Rising energy and food prices pushed the Consumer Price Index higher in March—extending the run to 9 consecutive months of growth. The Consumer Price Index (CPI) for All Urban Consumers, released today by the Bureau of Labor Statistics (BLS), rose 0.5% (SA) in March, with the year-over-year increase at 2.7% (NSA).
Energy and food prices continue to be the main driver of the CPI growth, with the energy index up 3.5% and the food index up 0.8% in March. Together they accounted for three quarters of the growth in the all items index. The gasoline index continued to rise strongly, up 5.6% in March and 14.4% for the first quarter of 2011. Fuel oil also contributed to the rise in the energy index, up 6.2% in March and a total of 37.2% for the past six months. Food prices rose 0.8% for the month and were up 2.9% from a year earlier. Core CPI which excludes the volatile food and energy prices rose a modest 0.1% in March. It has been inching up steadily for the past 5 months, but the overall gains have been moderate, with a year-over-year increase in core CPI of 1.2%.
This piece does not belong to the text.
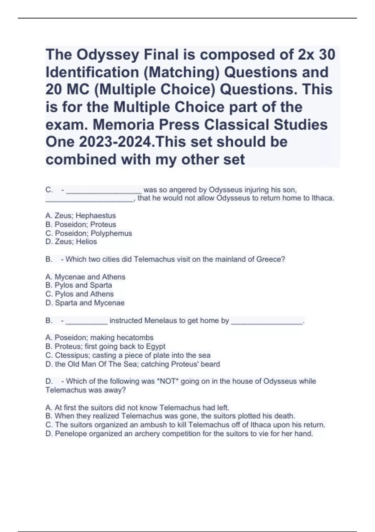 The Odyssey Final is composed of 2x 30 Identification (Matching) Questions and 20 MC (Multiple Choice) Questions. This is for the Multiple Choice part of the exam. Memoria Press Classical Studies One .This set should be combined with my other set

The shelter index, housing’s component of the CPI, continued its steady rise, up 0.1% in March—its sixth consecutive month of growth. Rent from tenanted houses and owners’ equivalent rent inched up, both increasing 0.1% in March. Overall the rental component of the CPI has risen 0.4% for the quarter and 1.2% year-over-year.
With the recent energy driven gains, the CPI for All Urban Consumers is up 1.3% (SA) in the first quarter of 2011—an annualized rate of 5.2%—and consumers are becoming increasingly concerned about high inflation in the year ahead. Both the University of Michigan consumer sentiment and the Conference Board consumer confidence measures fell sharply in March, with inflation expectations the main cause—consumers highlighting rising energy prices as their key concern. However, energy prices appear to be nearing their peak, with future markets indicating energy prices will peak in the next few months, although they are likely to remain high through the second half of 2011 and 2012. Therefore, NAHB expects the all items index to settle back to moderate growth over the remainder of 2011, with an overall gain of 2.6% for the year. Inflation will remain moderate through 2012, with an annual rate of growth of 1.5%.